[Records from a dataset]
----
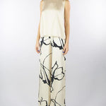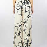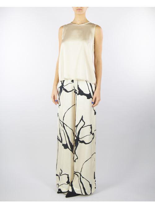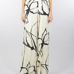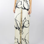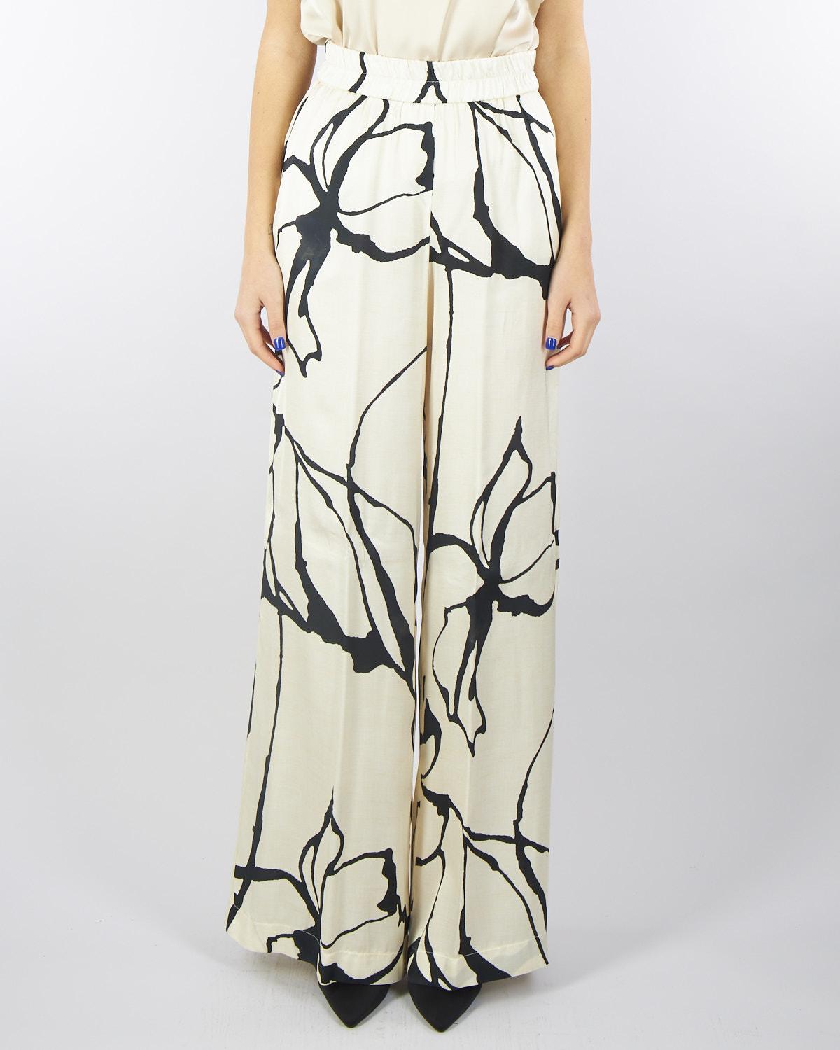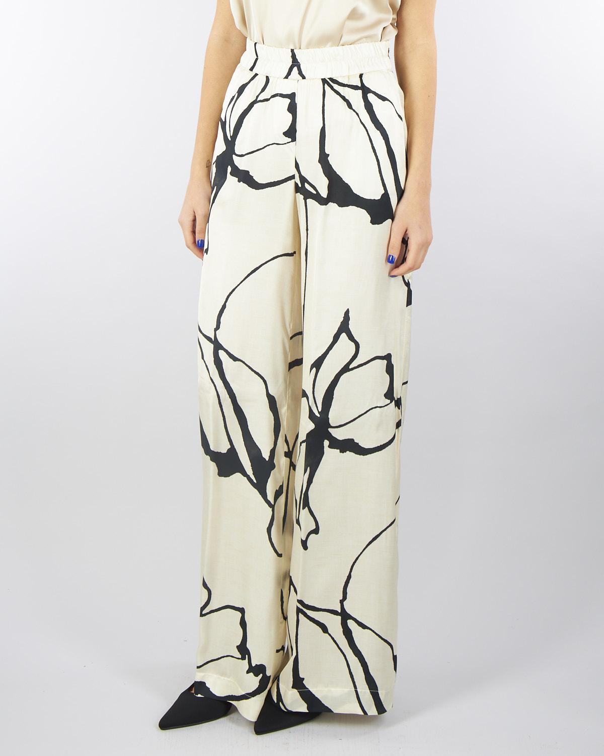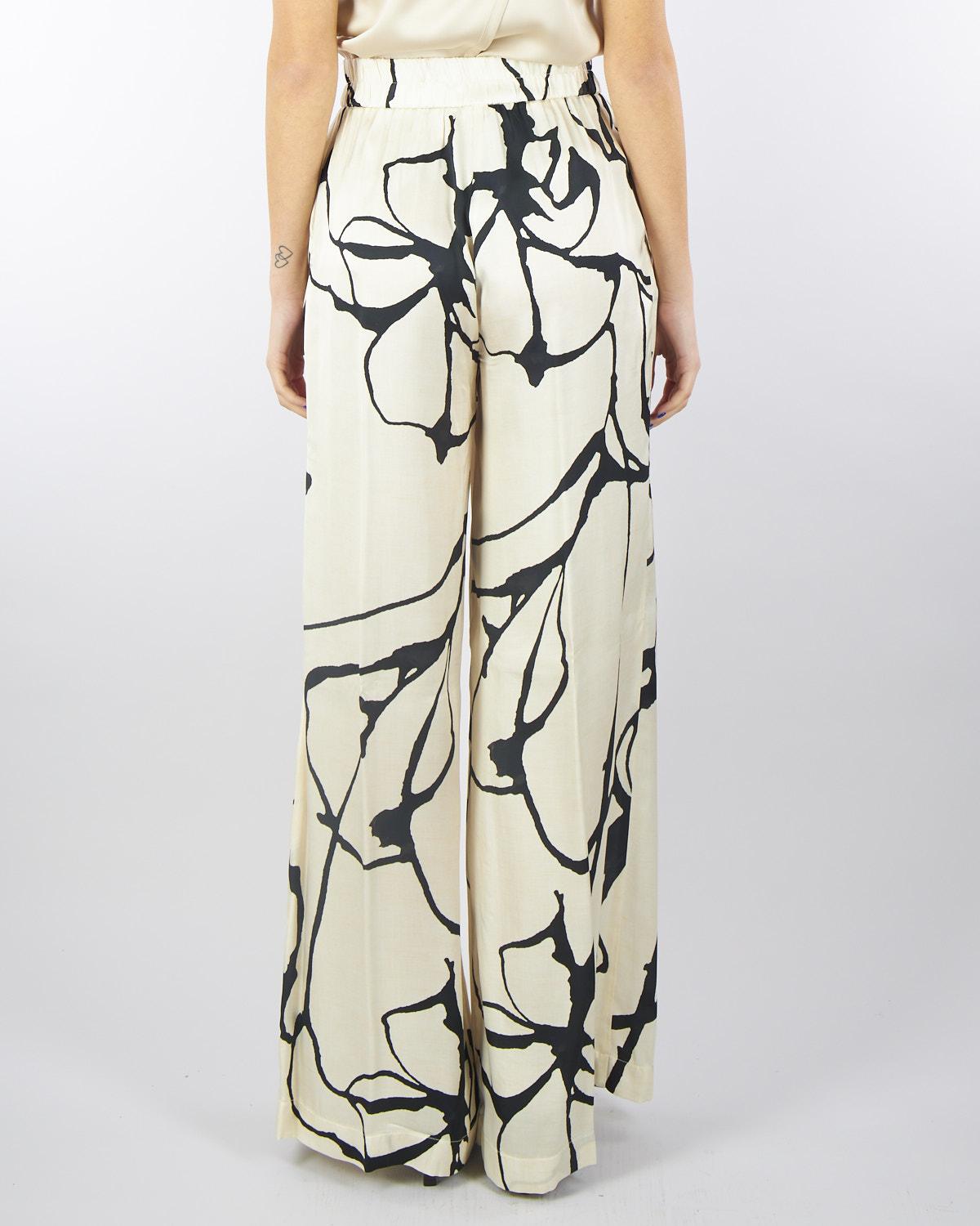 Pantalone a fantasia Crema-Nero in viscosa con elastico in vita
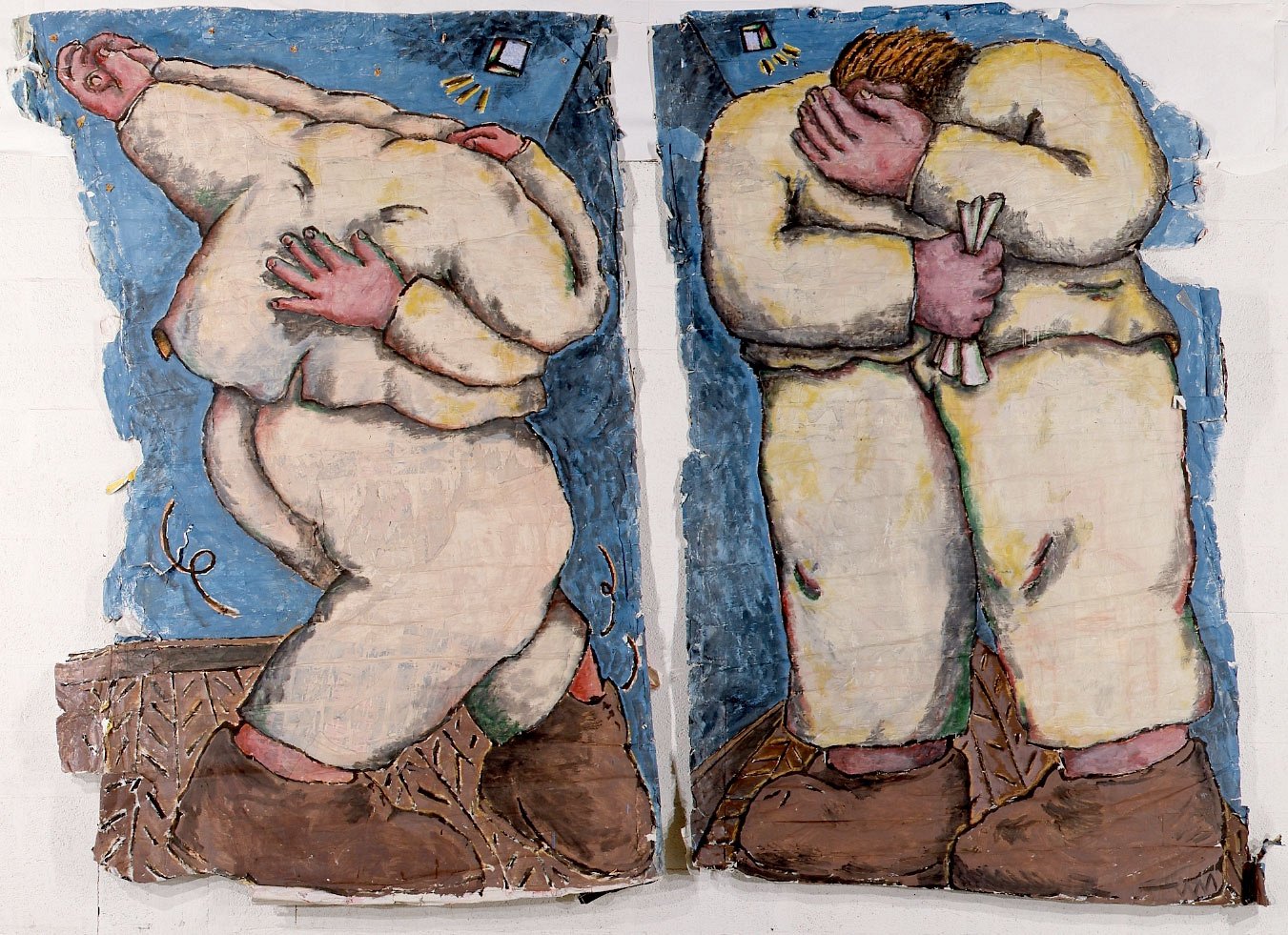 During the 1980s, he developed a coloured painting on piles of posters where anonymous bodies with disproportionate limbs are omnipresent.
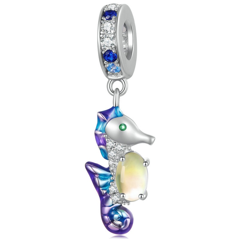 BAMOER 925 Prata Esterlina Colorida Série Animal Beaded Tartaruga Cavalo Marinho Unicórnio Ornamentos Adequados Para Mulheres
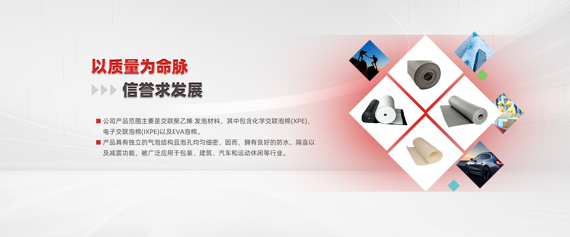 公司产品范围主要是交联聚乙烯 发泡材料,其中包含化学交联泡棉(XPE),电子交联泡棉(IXPE)以及EVA泡棉。产品具有独立的气泡结构且泡孔均匀细密,因而,拥有良好的防水,隔音以及减震功能,被广泛应用于包装、建筑、汽车和运动休闲等行业。
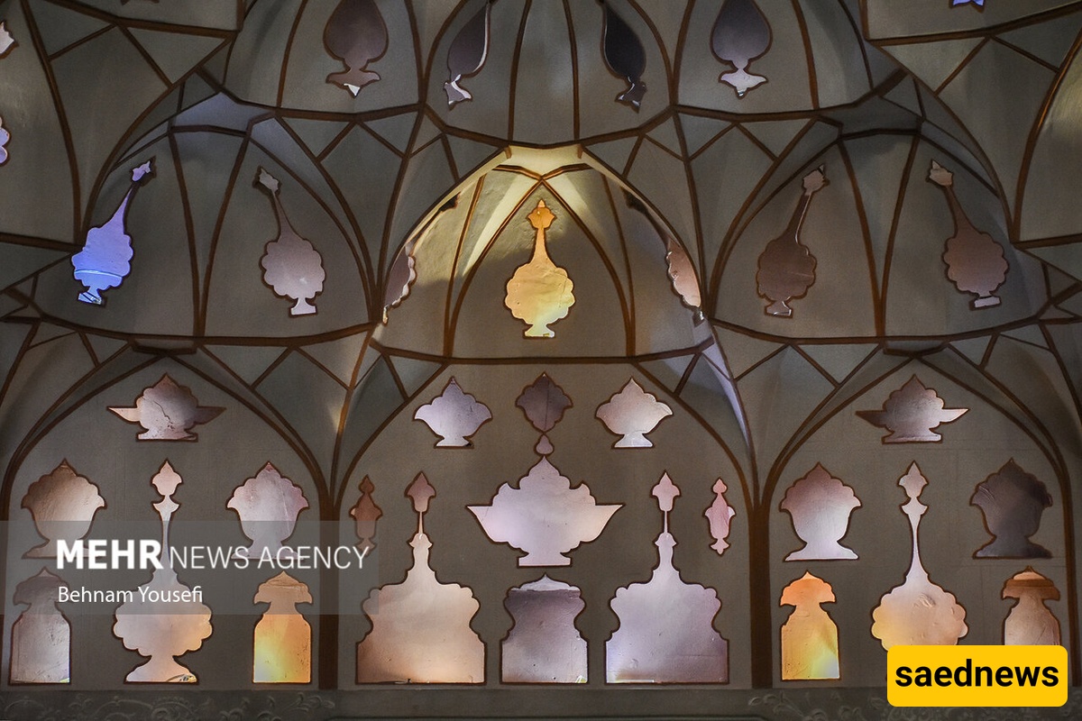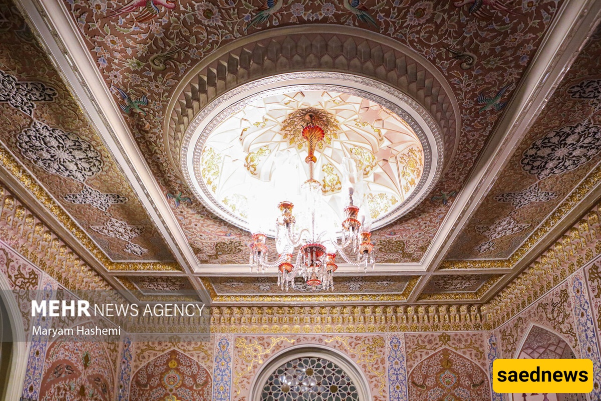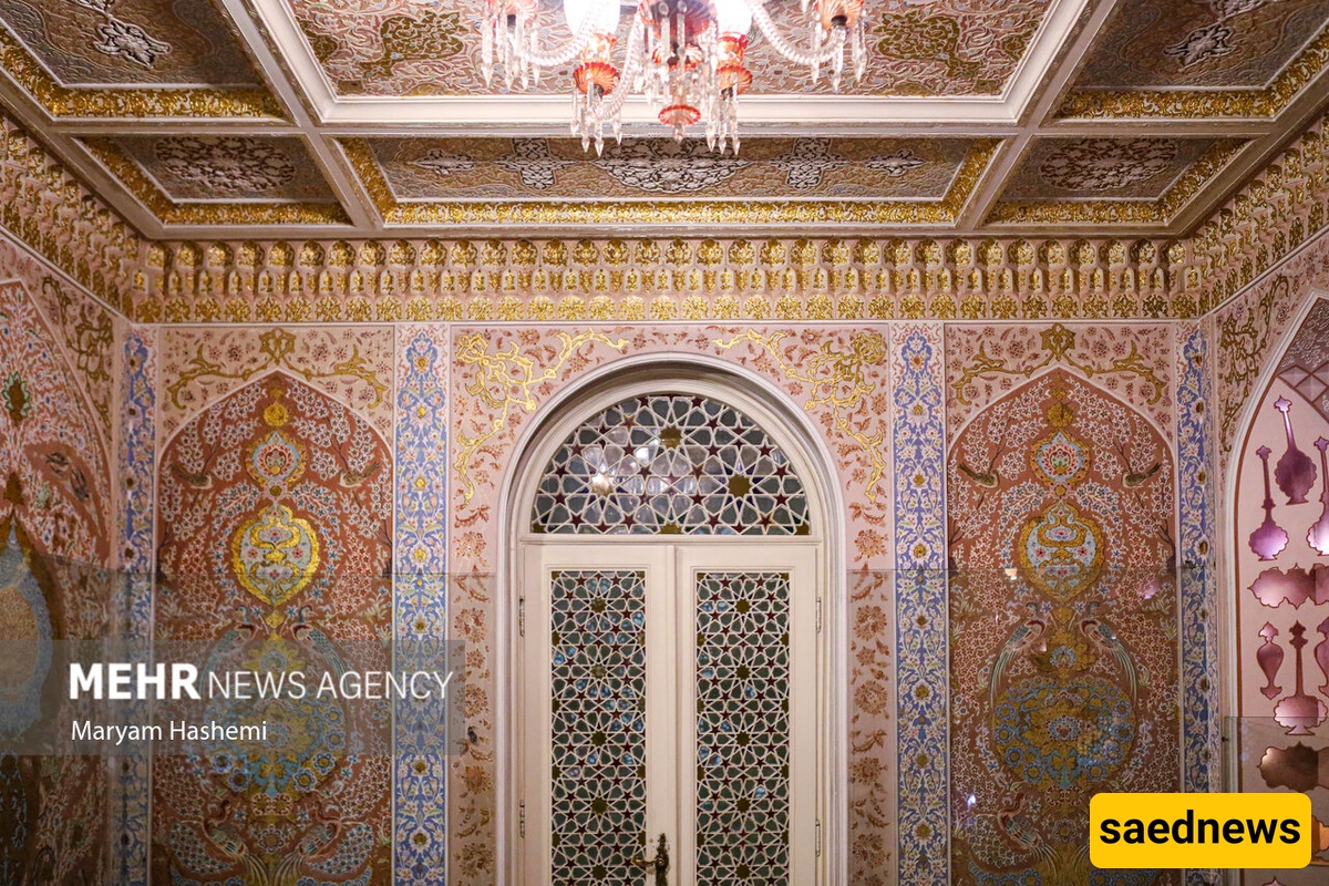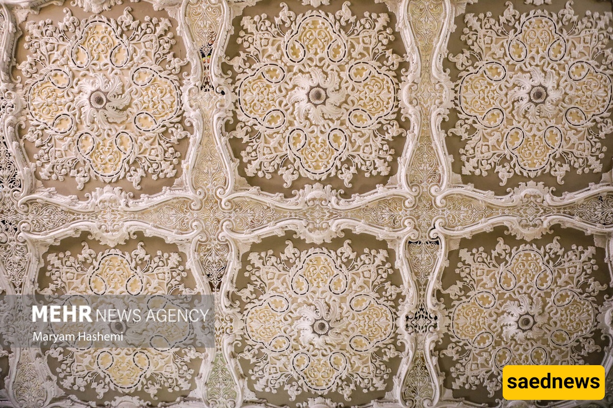 Hossein Khodadad’s passion for Iranian art is evident in the Esfahani Room, designed to stand out from the rest of the mansion. Its plasterwork features deep, ornamental shapes inspired by the music room of Isfahan’s Ali Qapu Palace and other Safavid monuments. The ceiling mirrors the intricate design of Isfahan carpets, enhanced with detailed brickwork.
----
#### [What to produce]
Output only the lines running from the line with "BAMOER 925 Prata" through the last line of the entries above, inclusive, with pictures excluded.

#### [Solution to the exercise]
 BAMOER 925 Prata Esterlina Colorida Série Animal Beaded Tartaruga Cavalo Marinho Unicórnio Ornamentos Adequados Para Mulheres
 公司产品范围主要是交联聚乙烯 发泡材料,其中包含化学交联泡棉(XPE),电子交联泡棉(IXPE)以及EVA泡棉。产品具有独立的气泡结构且泡孔均匀细密,因而,拥有良好的防水,隔音以及减震功能,被广泛应用于包装、建筑、汽车和运动休闲等行业。
 Hossein Khodadad’s passion for Iranian art is evident in the Esfahani Room, designed to stand out from the rest of the mansion. Its plasterwork features deep, ornamental shapes inspired by the music room of Isfahan’s Ali Qapu Palace and other Safavid monuments. The ceiling mirrors the intricate design of Isfahan carpets, enhanced with detailed brickwork.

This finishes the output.